▸ GOAL OF THE EXERCISE
Exactly the lines from the opening of the records through the line containing "Resim 43: Mo" should be copied, with both included.

▸ RECORD EXCERPTS
***

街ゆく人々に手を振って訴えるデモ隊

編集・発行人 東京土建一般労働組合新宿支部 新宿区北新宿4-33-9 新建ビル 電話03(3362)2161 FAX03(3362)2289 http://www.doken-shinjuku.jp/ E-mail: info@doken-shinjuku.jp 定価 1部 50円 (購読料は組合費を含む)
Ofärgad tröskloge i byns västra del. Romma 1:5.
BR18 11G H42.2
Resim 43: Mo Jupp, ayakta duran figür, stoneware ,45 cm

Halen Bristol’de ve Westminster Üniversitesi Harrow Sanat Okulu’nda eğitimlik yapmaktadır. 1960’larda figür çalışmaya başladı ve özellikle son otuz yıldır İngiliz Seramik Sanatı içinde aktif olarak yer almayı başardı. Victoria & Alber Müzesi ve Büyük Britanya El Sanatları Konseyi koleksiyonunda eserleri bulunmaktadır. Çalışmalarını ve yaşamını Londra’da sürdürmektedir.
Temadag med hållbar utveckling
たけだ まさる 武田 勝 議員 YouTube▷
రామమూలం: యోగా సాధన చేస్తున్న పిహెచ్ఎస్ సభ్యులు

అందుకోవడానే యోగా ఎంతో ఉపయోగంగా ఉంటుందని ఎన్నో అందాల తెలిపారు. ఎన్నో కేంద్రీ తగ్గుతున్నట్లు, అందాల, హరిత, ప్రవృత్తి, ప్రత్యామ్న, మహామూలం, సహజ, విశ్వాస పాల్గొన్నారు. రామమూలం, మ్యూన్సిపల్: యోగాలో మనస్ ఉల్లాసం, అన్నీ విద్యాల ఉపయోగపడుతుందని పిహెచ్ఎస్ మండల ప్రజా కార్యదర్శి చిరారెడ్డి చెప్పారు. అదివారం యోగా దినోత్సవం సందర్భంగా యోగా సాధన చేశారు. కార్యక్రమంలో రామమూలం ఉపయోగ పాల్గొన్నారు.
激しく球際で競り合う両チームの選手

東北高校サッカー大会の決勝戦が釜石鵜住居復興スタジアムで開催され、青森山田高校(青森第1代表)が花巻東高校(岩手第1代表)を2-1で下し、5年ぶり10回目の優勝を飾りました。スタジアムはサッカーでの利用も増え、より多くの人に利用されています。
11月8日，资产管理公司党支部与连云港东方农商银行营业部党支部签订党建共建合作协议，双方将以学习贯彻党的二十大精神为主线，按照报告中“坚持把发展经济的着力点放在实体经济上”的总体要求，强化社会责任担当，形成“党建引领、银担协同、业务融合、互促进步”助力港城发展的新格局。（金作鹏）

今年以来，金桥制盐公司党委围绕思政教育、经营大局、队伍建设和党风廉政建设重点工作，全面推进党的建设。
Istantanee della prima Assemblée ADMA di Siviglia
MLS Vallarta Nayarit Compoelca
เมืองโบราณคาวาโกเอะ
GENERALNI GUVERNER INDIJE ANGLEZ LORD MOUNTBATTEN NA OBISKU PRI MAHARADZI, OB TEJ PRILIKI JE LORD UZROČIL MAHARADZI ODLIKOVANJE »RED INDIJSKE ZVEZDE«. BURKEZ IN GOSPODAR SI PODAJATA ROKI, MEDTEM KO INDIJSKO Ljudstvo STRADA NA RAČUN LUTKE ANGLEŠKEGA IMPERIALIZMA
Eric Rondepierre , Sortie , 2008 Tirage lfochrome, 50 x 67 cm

***

▸ RESULT
街ゆく人々に手を振って訴えるデモ隊

編集・発行人 東京土建一般労働組合新宿支部 新宿区北新宿4-33-9 新建ビル 電話03(3362)2161 FAX03(3362)2289 http://www.doken-shinjuku.jp/ E-mail: info@doken-shinjuku.jp 定価 1部 50円 (購読料は組合費を含む)
Ofärgad tröskloge i byns västra del. Romma 1:5.
BR18 11G H42.2
Resim 43: Mo Jupp, ayakta duran figür, stoneware ,45 cm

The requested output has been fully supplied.